No wonder Royals outfielder Juan Gonzalez has been "flu-ish" for home
games. Poor guy: Had he stayed in Detroit, he'd have been there when the fences
were moved in.
While Comerica Park already has yielded a pair of Brandon Inge grand slams this year, Kaufmann Stadium's retro look has cost Gonzalez and teammate Carlos Beltran at least five home runs between them ... and it's only the beginning of May. What the Royals need to do is employ the old Frank "Trader" Lane trick: Back in 1949, when Lane was general manager of the White Sox, he would move the Comiskey Park fences in and out on a whim. Chicago infielder Floyd Baker hit his only career home run on a day the fences were yanked in, against the light-hitting Washington Senators.

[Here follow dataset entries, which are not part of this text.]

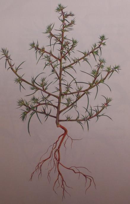 Un abrazo. Uno de los nombres de esta planta, le viene por su facilidad de clavarnos alguna espina y por eso también se llama, espinardo. Las hojitas que protegen sus flores son delgadas y duras y acaban siendo pinchosas. Y hablando de espinas, me viene a la memoria aquellos políticos, si se pueden llamar así, que en un viaje por Tierra Santa se probaron una corona de espinas, se sacaron fotos y encima se mofaron algo o mucho, haciendo comentarios jocosos. No tendrían que ir tan lejos si es que lo que buscaban... Buenos días Deza y amigos del foro: Esta mala hierba que veis en la fotografía se llama científicamente SALSOLA KALI, mas el vulgo la llamamos Barrilla pinchosa, Correcaminos, Roones, Espinardo y en nuestro pueblo, Capitana. Es una planta que germina en primavera y que se aparece agazapada en los sembrados hasta después de la siega. Allá en agosto cuando la luz le da de lleno, acompañada con el agua de alguna tormenta (que suelen ser seguras) se alza, tal como regada por aceite, que se dice y se...
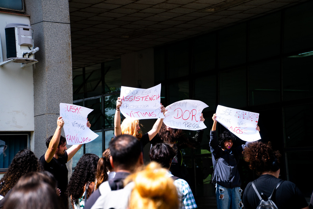Após inúmeros abraços e palavras de confronto, alunos do técnico em Paisagismo se direcionaram ao Restaurante Universitário I com cartazes e apitos. Após convocar mais estudantes, foram em manifestação até o prédio da Reitoria. A aluna do 4º semestre do curso, Eloiza Peronio, 23 anos, explica que o objetivo é cobrar da instituição melhor atendimento médico aos sobreviventes.
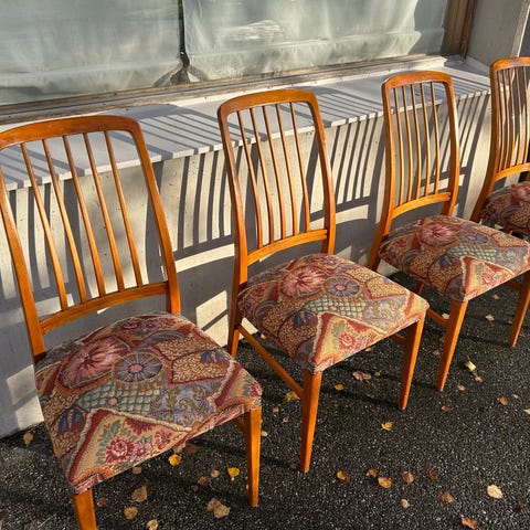 10 fina matstolar i Leksandsmodell med Lösstoppade sitsar

Unfortunately for Lane, a rulebook amendment was drawn up in 1950 -- you can't move fences back and forth like groupings of American Idol contestants. So, upon further review, the Royals will have to be content with Juando and Carlos flying out to various spots on the warning track this year. But they also can rejoice in watching the Hank Blalocks of the world come up just short against their team's mediocre pitching.
On the subject of outfield wall dimensions, shouldn't Major League Baseball review its own Rule 1.04? "Any playing field constructed by a professional club after June 1, 1958, shall provide a minimum distance of 325 feet from home base to the nearest fence." Were Minute Maid Park (315 feet down the left field line), Petco Park (322 to right) and SBC Park (309 to right) all constructed during the spring of '57?
Not that I'm suggesting Pythagorean preciseness and outright uniformity. The cookie-cutter templates of the '70s made baseball appear not much different than the regimented football, basketball and hockey leagues. (There are, for example, no 77- or 118-yard American football fields.)
Baseball gave us Ebbets Field (297 down the right field line), the Polo Grounds (483 to center, 258 to right) and Philadelphia's Baker Bowl (281 to right). Baker Bowl, at least, had a 40-foot wall in right and right-center ... and, for a while, it was extended to 60 feet high, when the team's owners feared slugger Gavvy Cravath still would loop home runs over it, and therefore ask for a raise.
With Kansas City
likely just a way station for Gonzalez, and with Beltran likely getting fitted
for Yankee pinstripes next year, the Royals can afford to start catering to
their pitchers instead of their hitters. The new configuration may cost those
two some numbers this season, but ultimately it may help shape the Royals' new
direction. Just don't take away those free M&Ms, fellas.